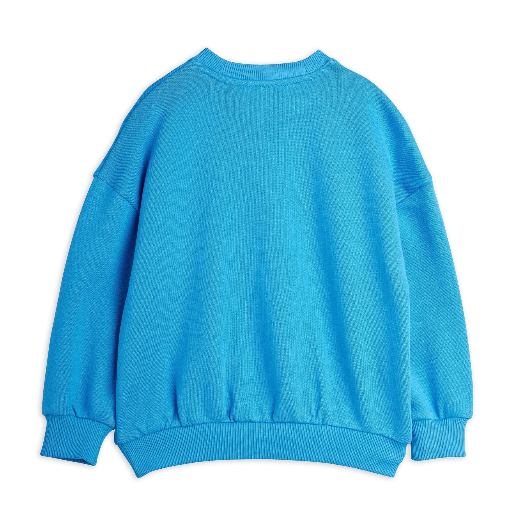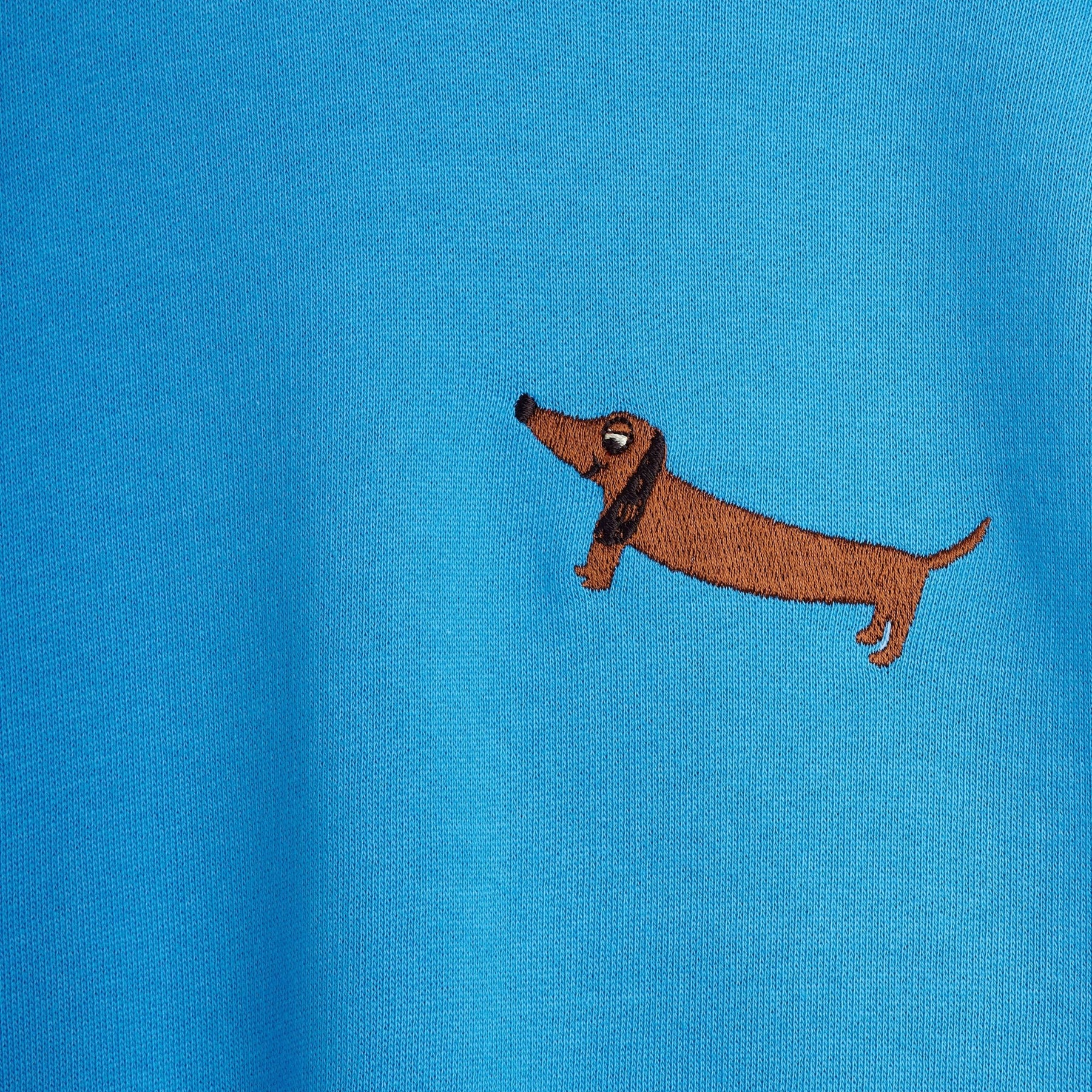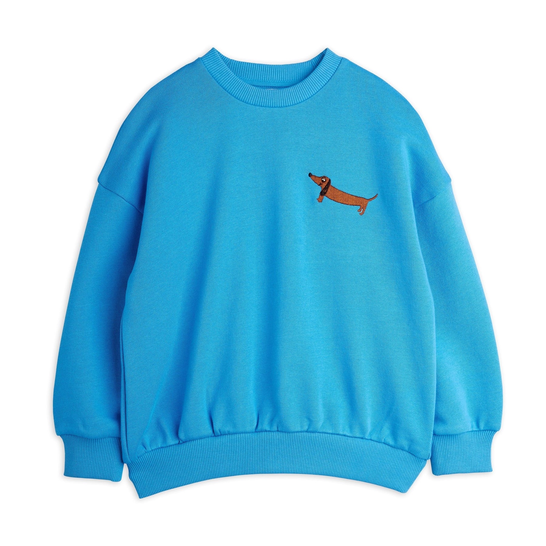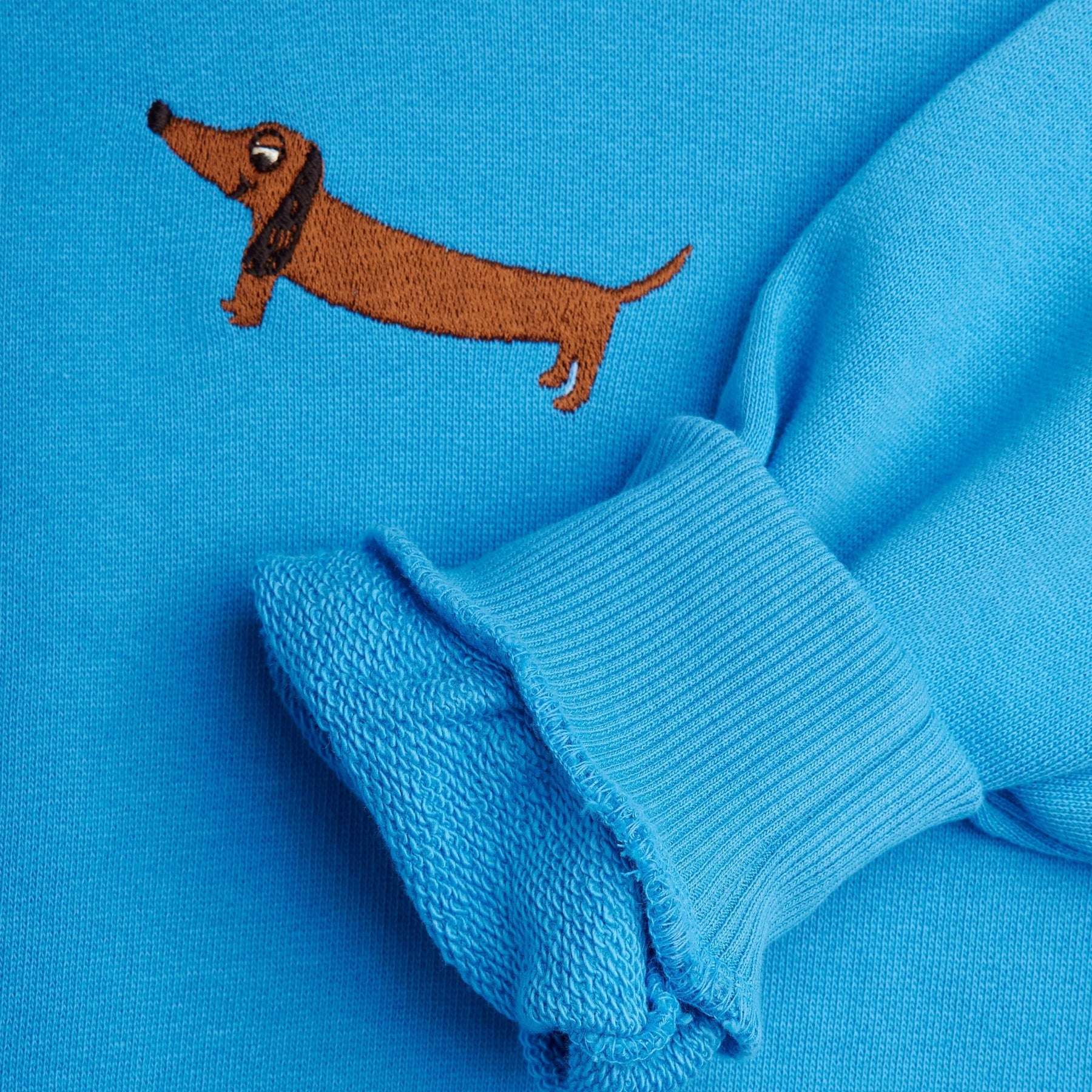 Zachte blauwe sweater met hondje op de borst van Mini Rodini.
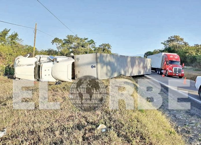 Mapastepec, Chis.- Un tráiler cargado de arneses que se dirigía a la frontera con Guatemala volcó sobre el tramo carretero Mapastepec-Escuintla, dejando daños materiales por varios miles de pesos, aunque el conductor resultó ileso.
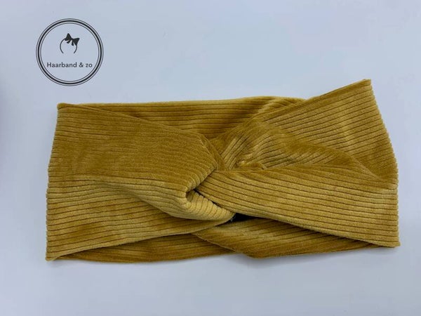 - Elastische haarband in heerlijk zacht en soepelribfluweel in een okergele kleur, van ons eigen merk.
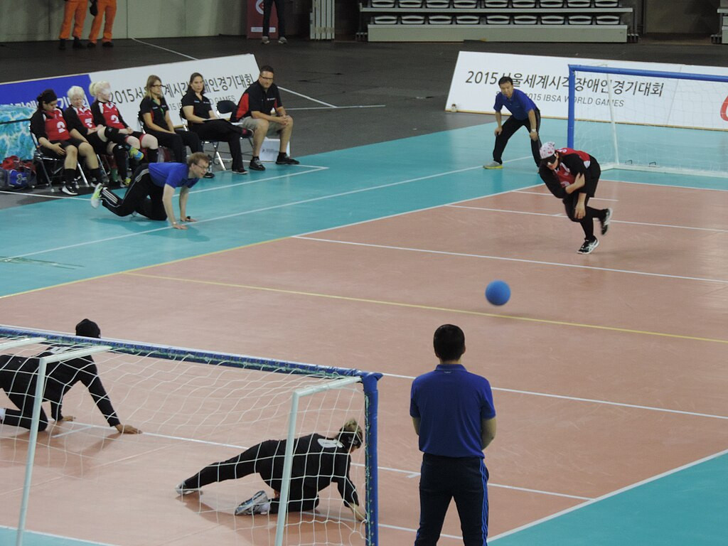 Oyuncular, eşitlik sağlamak için görme seviyelerinden bağımsız olarak göz bantları takar. Top, yaklaşık 1.25 kilogram ağırlığında ve içindeki ziller sayesinde ses çıkarır, böylece oyuncular topun yönünü işitsel olarak tespit eder.
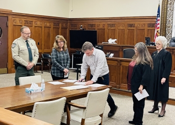 Four Washington County elected officials were administered oaths of office by District Judge Linda Thomas Thursday morning at the courthouse to begin their new four-year terms.
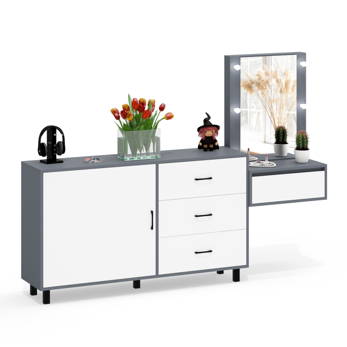 Отзывы о Столплит Стол косметический навесной с подсветкой и комод 122-1504 Графит/Белый
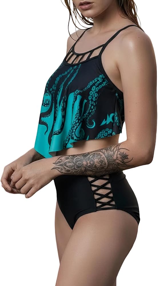 UNIQUE GOTHIC VINTAGE STYLE: Stand out from the crowd with this DRESSFO two-piece bikini featuring a striking gothic octopus print. It perfectly blends retro charm with an edgy, mysterious vibe, making you the center of attention at any beach, pool party, or vacation resort
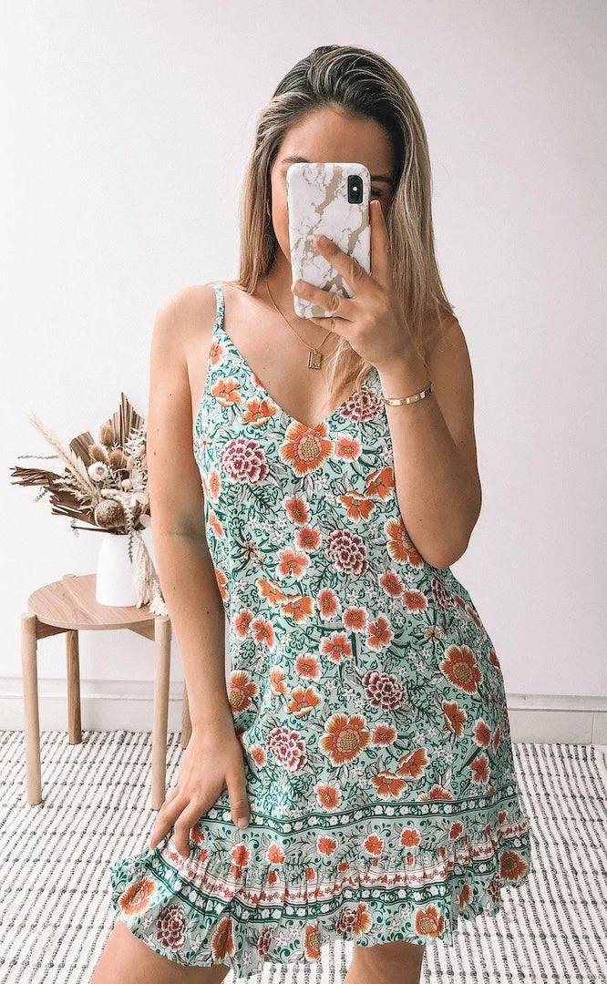 Our Narooma Dress is a calming sage base with dark green, mint, wine-purple, marigold, orange, cream, dark teal, light yellow & off-white floral print. It’s a gorgeous light weight material in a relaxed straight fit perfect for running errands or strolls with the girls. The v neckline is beautiful paired with silver necklaces. The spaghetti straps are adjustable allowing for customisability in the bust. Dress down with white sneakers or dress up in strappy heels.

════

Work to be completed ▸ Transcribe each record exactly as it stands, setting aside any pictures.

Task result ▸
 Zachte blauwe sweater met hondje op de borst van Mini Rodini.
 Mapastepec, Chis.- Un tráiler cargado de arneses que se dirigía a la frontera con Guatemala volcó sobre el tramo carretero Mapastepec-Escuintla, dejando daños materiales por varios miles de pesos, aunque el conductor resultó ileso.
 - Elastische haarband in heerlijk zacht en soepelribfluweel in een okergele kleur, van ons eigen merk.
 Oyuncular, eşitlik sağlamak için görme seviyelerinden bağımsız olarak göz bantları takar. Top, yaklaşık 1.25 kilogram ağırlığında ve içindeki ziller sayesinde ses çıkarır, böylece oyuncular topun yönünü işitsel olarak tespit eder.
 Four Washington County elected officials were administered oaths of office by District Judge Linda Thomas Thursday morning at the courthouse to begin their new four-year terms.
 Отзывы о Столплит Стол косметический навесной с подсветкой и комод 122-1504 Графит/Белый
 UNIQUE GOTHIC VINTAGE STYLE: Stand out from the crowd with this DRESSFO two-piece bikini featuring a striking gothic octopus print. It perfectly blends retro charm with an edgy, mysterious vibe, making you the center of attention at any beach, pool party, or vacation resort
 Our Narooma Dress is a calming sage base with dark green, mint, wine-purple, marigold, orange, cream, dark teal, light yellow & off-white floral print. It’s a gorgeous light weight material in a relaxed straight fit perfect for running errands or strolls with the girls. The v neckline is beautiful paired with silver necklaces. The spaghetti straps are adjustable allowing for customisability in the bust. Dress down with white sneakers or dress up in strappy heels.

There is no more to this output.